What can’t Brian Hancock complain about?

Like many other sailors out there I have become a tad obsessed with the Volvo Ocean Race tracker especially at the start and finish of each leg. And I confess that in the last few days I have been keeping a close eye on the Hong Kong entry Team Sun Hung Kai/Scallywag. Some that read my stuff on a regular basis will know that I am not a big fan of David Witt, the skipper, although I have never met him and he may indeed be a great guy in person.

I took exception to his comments about having women on board. He was originally against it not wanting to, as he put it, “participate in some kind of social experiment.” He has since had a change of heart and now there are two female sailors racing on board the good ship Scallywag. Annemieke Bes who has been there since the start, and more recently Libby Greenhalgh who replaced Steve Hayle as navigator.

So it was with mixed emotions that I watched Team Sun Hung Kai/Scallywag take line honors on the third leg into Hong Kong. There are, however, two things that I am happy about. I am happy that the local team won the leg that finished in their home port. It’s brutally hard to get sponsorship for an entry in the Volvo Ocean Race and I am sure that the people of Hong Kong will be more than chuffed that their local team was first across the line. I am also happy that the navigator was a female. Libby Greenhalgh is a very experienced sailor and I feel certain that their win was in no small part due to her experience and input.

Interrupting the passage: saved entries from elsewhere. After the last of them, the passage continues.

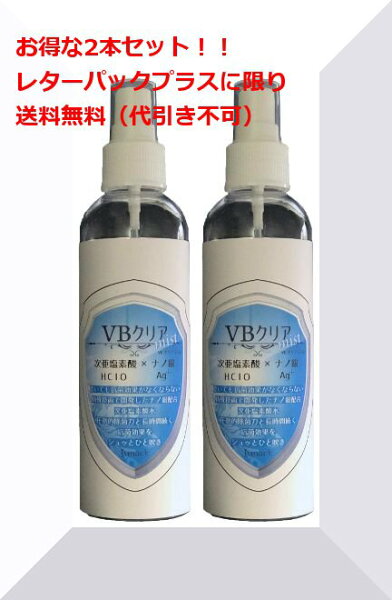 V:ウィルスB:バクテリアまとめて殺菌 VBクリアミスト! 唯一!2大抗菌要素をW配合!驚異の次世代型除菌消臭剤 次亜塩素酸水×ナノAg+ 面倒な希釈などは必要ありません! 次亜塩素酸水が乾いてもVBクリアミストなら抗菌効果が持続! ミネラルウォーターと同じph域(7.0〜7.3)なのに除菌できる!! 銀(Ag)が残留することで菌の繁殖を防ぎます!! ●漂白剤の次亜塩素酸ナトリウム(NaCLO・アルカリ性の次亜塩素酸ソーダ等)ではありません。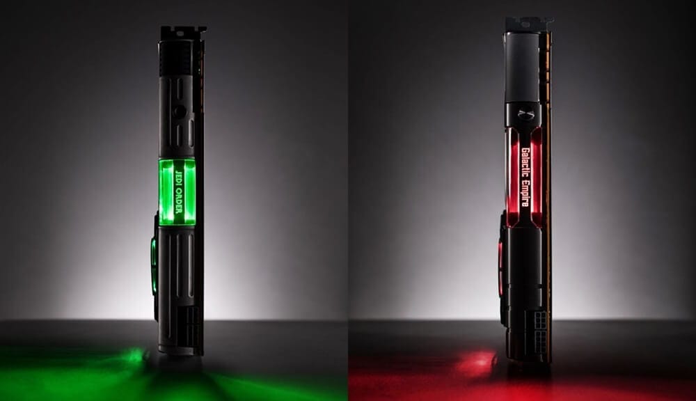 Galaktik İmparatorluğunun renklerini temsil eden kırmızı modelin yanı sıra, gözümüzün Jedi'lerin yeşil modelinde kalmasına neden oldu. Her iki kartta yarı şeffaf camlar ile kaplanarak, birinci sınıf ambalajları ile gönderiliyor.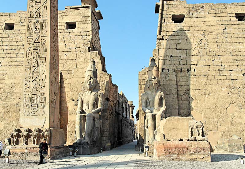 A droite, on peut voir la base de l'obélisque qui se trouve maintenant sur la place de la Concorde à Paris. Les deux statues de Ramsès II encadrent l'entrée. Par l'entrée, on aperçoit à gauche la mosquée Abou el-Hagag et dans le fond, la grande colonnade.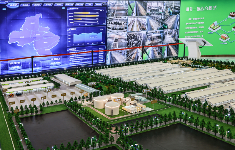 生態(tài)化發(fā)展加速轉型。牧場智慧生態(tài)系統(tǒng)中,污水循環(huán)管理設備包含牧場污水管路3D圖與污水監(jiān)測點位信息,做到實時監(jiān)測牧場污水指標,并將數(shù)據(jù)同步上傳至環(huán)保局,確保牧場水質監(jiān)管到位。沼氣發(fā)電系統(tǒng)將標準化工藝處理糞污產(chǎn)生的沼氣,用于發(fā)電后接入國家電網(wǎng),沼液利用后的沼渣作為奶牛牛床墊料的生產(chǎn)原料,不僅成本低,更大大降低了養(yǎng)殖風險。同時在場區(qū)配備廢氣檢測設備監(jiān)測養(yǎng)殖氣體環(huán)境,配備消防監(jiān)控設備監(jiān)測飼草區(qū)與沼氣發(fā)電區(qū)域煙火狀況。智能生態(tài)系統(tǒng)采取糞污固體發(fā)酵、沼氣烘干回床、沼液還田方式,實現(xiàn)“變廢為寶”。對牧場糞污發(fā)酵后的液位進行采集,經(jīng)過無害化處理后的沼液通過預設專用管道,在卷盤式噴灌機的運轉下自動噴灑在專屬消納用地的田間作物上,形成種養(yǎng)一體循環(huán),有效提高了糞污綜合利用水平。
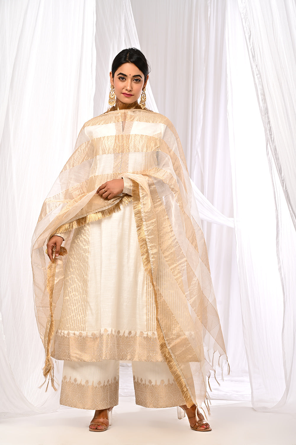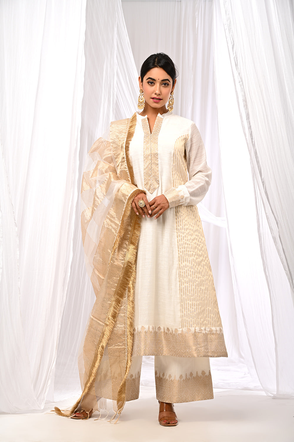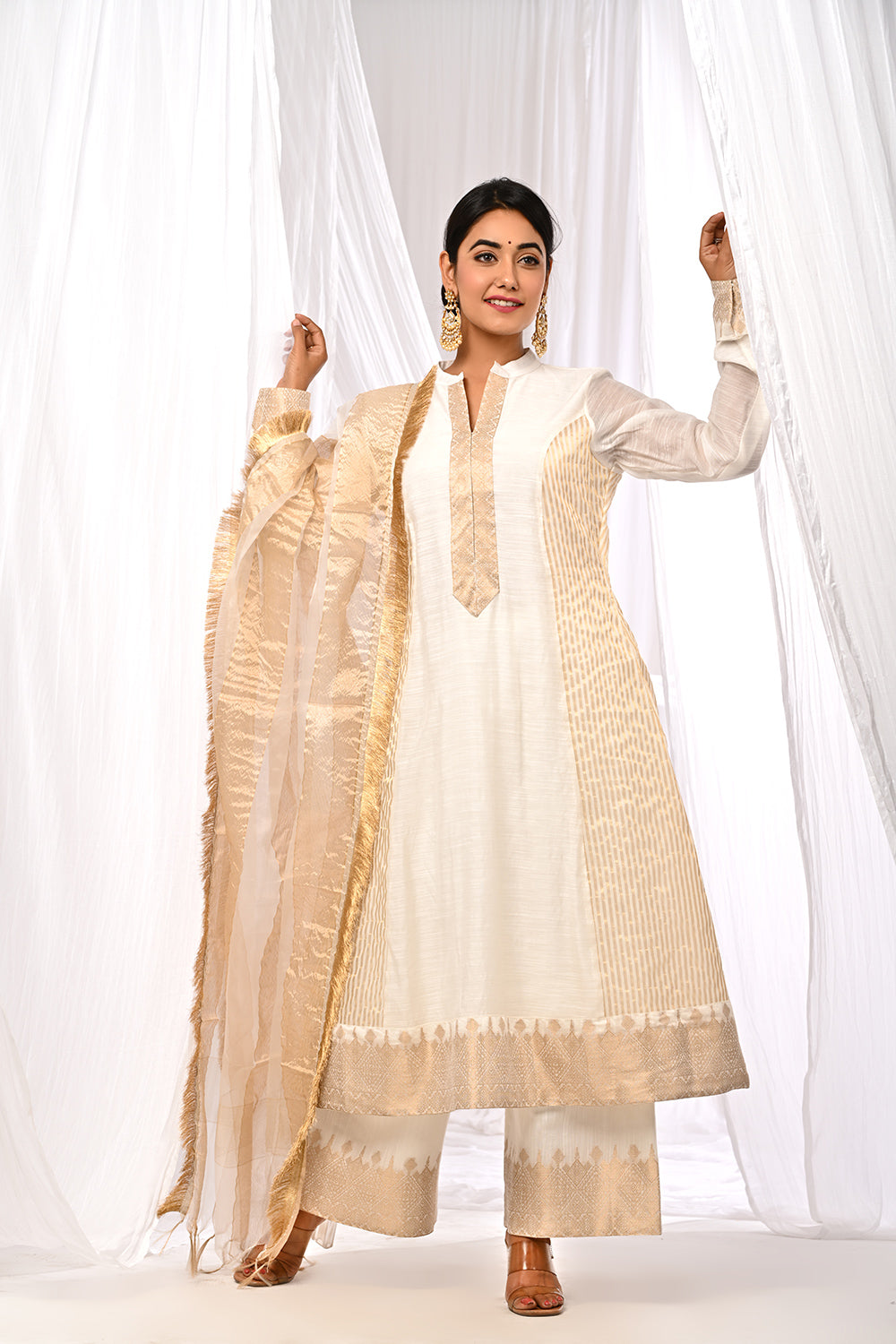 A MULTI PANEL OUTFIT IN OFFWHITE AND GOLD WITH DELICATE ZARI DETAILING.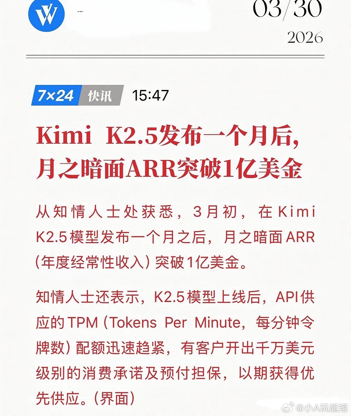 Kimi杀疯了!月入过亿美金,客户砸千万美金抢算力!3月30日,据界面新闻等权威媒体披露,月之暗面(Kimi)在K2.5模型发布仅一个月后,年度经常性收入(ARR)强势突破1亿美金!在K2.5上线后,API供应的TPM配额瞬间告急!为了拿到优先供应权,有客户直接开出千万美元级别的消费承诺和预付担保。这哪是买服务?分明是在“抢”AI时代的入场券。K2.5不是简单的模型升级,而是“智能体集群”的进化——能同时调度100个AI分身,并行处理1500个步骤。以前需要几天完成的复杂任务,现在十几分钟搞定。从写代码、做PPT到跨语言翻译,Kimi正在从聊天工具变成生产力引擎。月之暗面海外收入占比已超50%,API调用量跻身全球前五。在Hugging Face、OpenRouter等国际平台,Kimi的下载量和调用量持续霸榜,连硅谷投资人都公开推荐。中国大模型,终于在全球市场站稳脚跟!资本正用脚投票,月之暗面最新估值达180亿美元,3个月内翻了4倍。阿里、腾讯持续加码,赴港IPO传闻甚嚣尘上。当智谱、MiniMax已在港股市值破3000亿港元,月之暗面的上市,也许只是时间问题。Kimi的爆发,标志着国产大模型正式进入商业兑现时代。技术强、变现快、全球化——月之暗面,正在改写AI行业的竞争规则。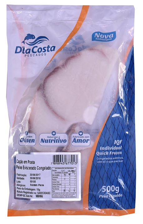 Descrição do Produto: Cação em Posta Eviscerado IQFEmbalagem: 500gCaixa: 15kg / 10kgCódigo de Barras: 7898943677013NCM: 03038114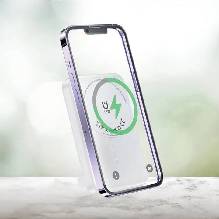 .سعة الشاحن: 10000 مللي أمبير-.تقنية الشحن: شحن سريع 20 واط وشحن لاسلكي 15 واط-.منافذ الشحن: منفذ واحد تايب سي ومنفذ يو اس بي-. مدمج بستاند-.يتضمن كيبل من التايب سي إلى التايب...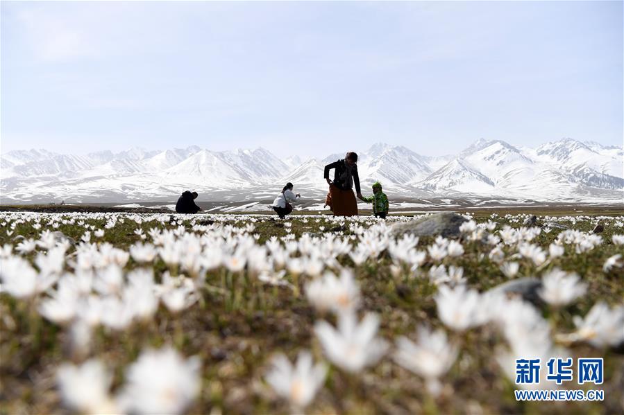 4月4日,游客在新疆那拉提景区雪山脚下拍摄盛开的野百合。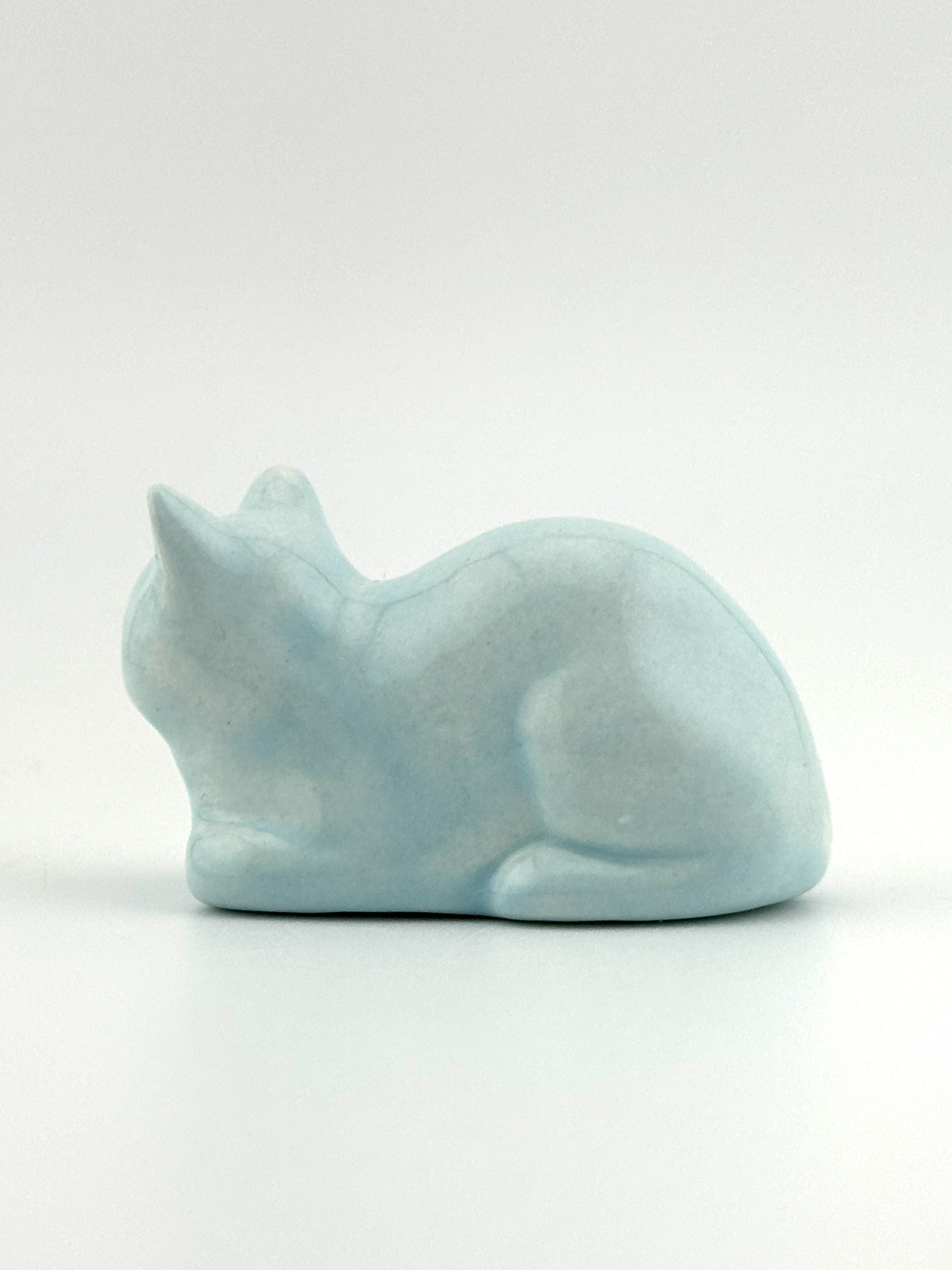 Add a touch of charm to your collection with this petite, handcrafted ceramic cat figurine. Measuring approximately 1.5 inches long and just over 1 inch tall, this adorable feline is curled up in a relaxed pose, exuding peaceful energy and calm.

Having said all that I hate to say what I am going to say next, but their win was pure dumb luck. The Scallywag crew were trailing the fleet for most of the leg. Maybe that was their strategy, but I doubt it. Being so far behind as the front runners approached the doldrums was a very nice gift. They were able to see the leaders sail into a hole, a total windless zone, and they sailed around all the other boats that were drifting aimlessly in circles. It must have been hell on board the leading boats to see the last place boat (by far) tack off in a different direction and do an end-run around the whole fleet.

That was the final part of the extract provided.